[SOURCE DATA — start]
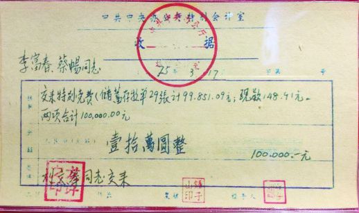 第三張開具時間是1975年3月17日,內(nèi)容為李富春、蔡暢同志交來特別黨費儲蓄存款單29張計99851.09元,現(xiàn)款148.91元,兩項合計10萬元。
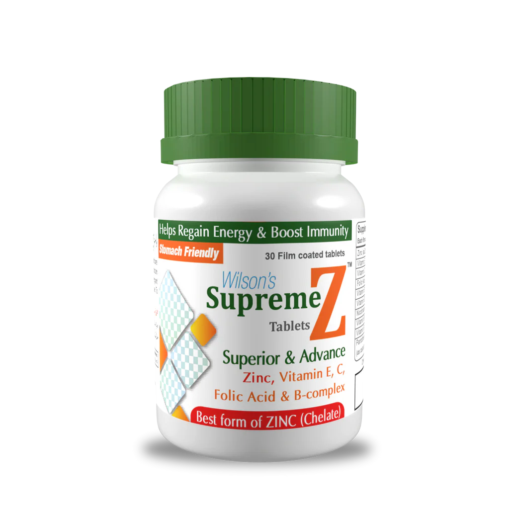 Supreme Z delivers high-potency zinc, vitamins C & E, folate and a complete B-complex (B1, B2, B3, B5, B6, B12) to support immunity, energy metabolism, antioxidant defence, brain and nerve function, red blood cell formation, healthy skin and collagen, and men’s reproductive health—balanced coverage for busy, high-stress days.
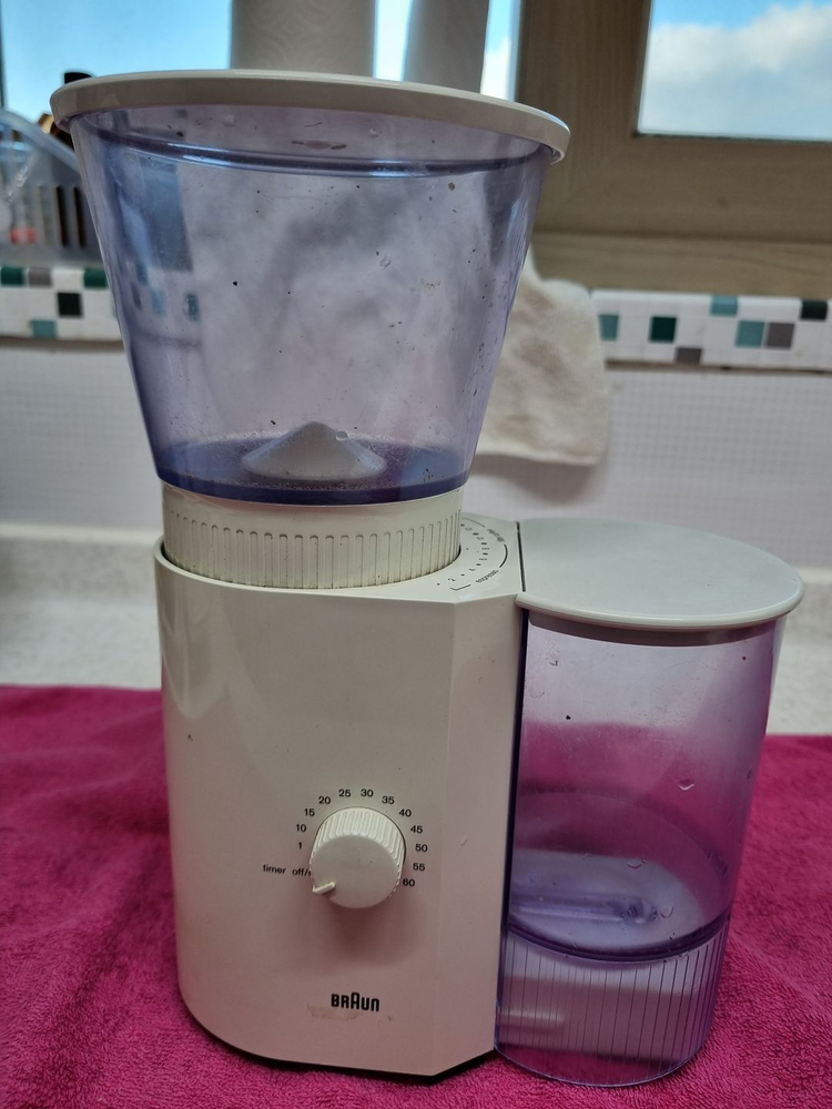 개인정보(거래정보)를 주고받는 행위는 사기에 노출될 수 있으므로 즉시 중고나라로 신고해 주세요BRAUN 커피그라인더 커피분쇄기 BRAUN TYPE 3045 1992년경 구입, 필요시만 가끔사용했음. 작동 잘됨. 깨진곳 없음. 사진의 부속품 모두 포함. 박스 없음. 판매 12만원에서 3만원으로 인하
[SOURCE DATA — finish]
[SOURCE DATA — start]
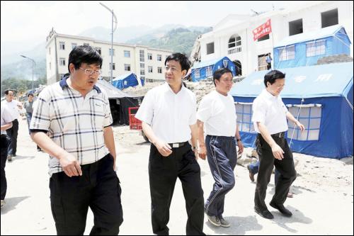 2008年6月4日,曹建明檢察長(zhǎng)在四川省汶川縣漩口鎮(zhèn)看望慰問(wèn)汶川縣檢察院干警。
[SOURCE DATA — finish]
[SOURCE DATA — start]
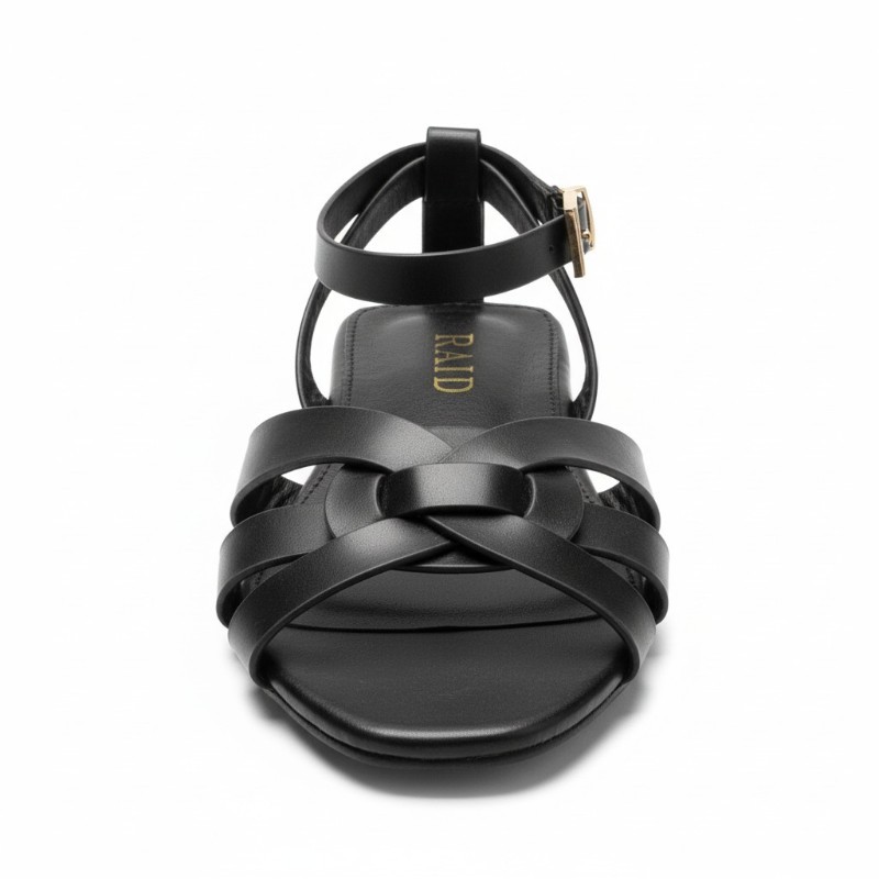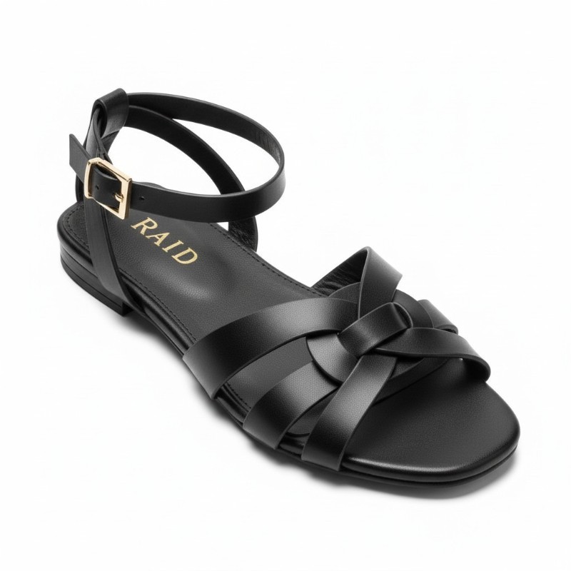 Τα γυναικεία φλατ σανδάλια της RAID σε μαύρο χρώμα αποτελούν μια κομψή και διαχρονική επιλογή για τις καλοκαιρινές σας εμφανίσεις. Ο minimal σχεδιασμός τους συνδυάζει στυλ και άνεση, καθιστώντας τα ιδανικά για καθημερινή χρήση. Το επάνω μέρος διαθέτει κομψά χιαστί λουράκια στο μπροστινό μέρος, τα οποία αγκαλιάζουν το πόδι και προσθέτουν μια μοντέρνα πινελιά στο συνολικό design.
[SOURCE DATA — finish]
### PROBLEM DESCRIPTION
Look back at the data above, then output exactly the lines from the line holding "Supreme Z delivers" up to and including the line holding "개인정보(거래정보)를 주고받는 행위는". Leave out the pictures.

### ANSWER TO THE PROBLEM
 Supreme Z delivers high-potency zinc, vitamins C & E, folate and a complete B-complex (B1, B2, B3, B5, B6, B12) to support immunity, energy metabolism, antioxidant defence, brain and nerve function, red blood cell formation, healthy skin and collagen, and men’s reproductive health—balanced coverage for busy, high-stress days.
 개인정보(거래정보)를 주고받는 행위는 사기에 노출될 수 있으므로 즉시 중고나라로 신고해 주세요BRAUN 커피그라인더 커피분쇄기 BRAUN TYPE 3045 1992년경 구입, 필요시만 가끔사용했음. 작동 잘됨. 깨진곳 없음. 사진의 부속품 모두 포함. 박스 없음. 판매 12만원에서 3만원으로 인하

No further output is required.